TempPerturb-Eval: On the Joint Effects of Internal Temperature and External Perturbations in RAG Robustness

TL;DR

The paper studies how perturbations in retrieved content interact with LLM temperature in RAG systems, introducing a dedicated RAG Perturbation-Temperature Analysis Framework and a diagnostic benchmark tested on HotpotQA. It finds that higher temperatures consistently amplify vulnerability to perturbations and that perturbation effects can exhibit non-linear sensitivity across the temperature range. The work provides a taxonomy of perturbations, a 440-condition evaluation setup across diverse models, and practical guidelines for model selection and temperature tuning under noisy retrieval conditions. It also suggests future work to incorporate actual retrieval noise in end-to-end RAG pipelines.

Abstract

The evaluation of Retrieval-Augmented Generation (RAG) systems typically examines retrieval quality and generation parameters like temperature in isolation, overlooking their interaction. This work presents a systematic investigation of how text perturbations (simulating noisy retrieval) interact with temperature settings across multiple LLM runs. We propose a comprehensive RAG Perturbation-Temperature Analysis Framework that subjects retrieved documents to three distinct perturbation types across varying temperature settings. Through extensive experiments on HotpotQA with both open-source and proprietary LLMs, we demonstrate that performance degradation follows distinct patterns: high-temperature settings consistently amplify vulnerability to perturbations, while certain perturbation types exhibit non-linear sensitivity across the temperature range.
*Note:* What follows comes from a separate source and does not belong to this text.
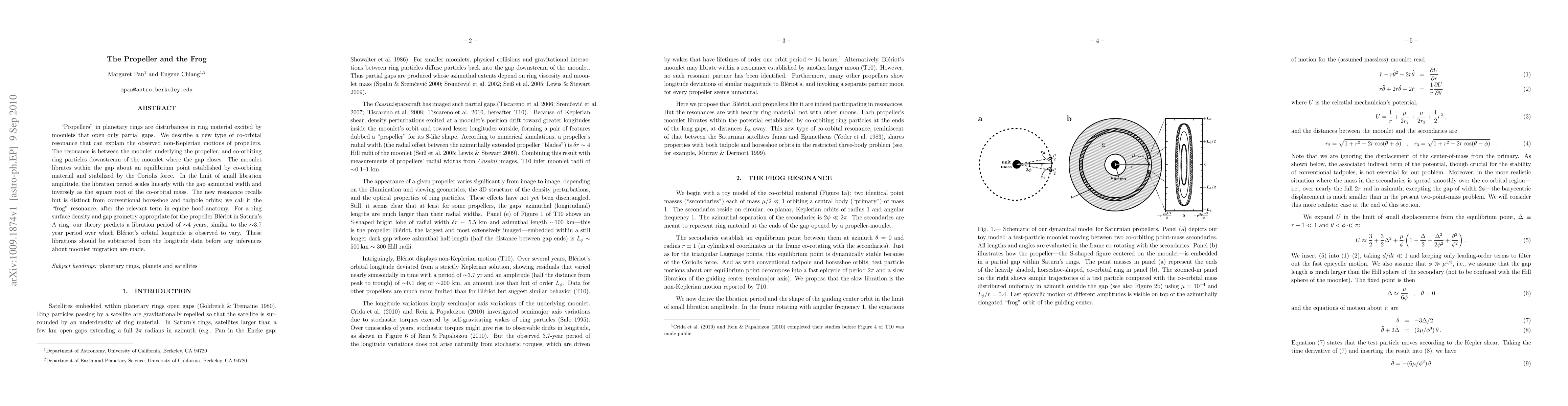 This paper introduces a new co-orbital resonance termed the "frog" resonance to explain the non-Keplerian motions of "propellers" in planetary rings, which are partial gaps created by moonlets. The resonance involves the moonlet and downstream ring particles, predicting a libration period that matches observations of the Bl\'eriot propeller in Saturn's A ring.

Our work yields three key contributions: (1) a diagnostic benchmark for assessing RAG robustness, (2) an analytical framework for quantifying perturbation-temperature interactions, and (3) practical guidelines for model selection and parameter tuning under noisy retrieval conditions.

Paper Structure

This paper contains 18 sections, 1 equation, 5 figures, 1 table.

Figures (5)

  • Figure 1: RAG Perturbation-Temperature Analysis Framework. The methodology stresses system robustness along two axes: external context perturbations (replacement, removal, NER substitution) and internal LLM temperature variation. The evaluation measures correctness and output variability across these conditions to establish a benchmark and derive practical guidelines.
  • Figure 2: BERTScore trends across temperature variations for different models, comparing response types under perturbation. Solid lines represent mean scores across samples, while shaded areas denote $\pm$ standard deviation. The top row presents results for comparison questions; the bottom row presents results for bridge questions.
  • Figure 3: Coefficient of Variation (CV) for BERTScore across models, temperatures, and perturbation types. Each subplot displays CV trends for a model. The baseline CV value (average CV for the original, unperturbed context across all temperatures) is indicated in the top left of each subplot. The top row presents results for comparison questions; the bottom row presents results for bridge questions.
  • Figure 4: BERTScore distribution for gpt-4o on bridge questions across perturbation types at two temperatures (Left: $T=0.6$, Right: $T=2.0$). Each subplot shows a boxplot representing median, interquartile range, and whiskers, with individual sample scores (black dots) and outliers (white dots).
  • Figure 5: BERTScore distribution for deepseek-reasoner on bridge questions across perturbation types at two temperatures (Left: $T=0.6$, Right: $T=2.0$). Each subplot shows a boxplot representing the same elements as in Fig. \ref{['fig:sample_score_distribution_gpt_4o']}.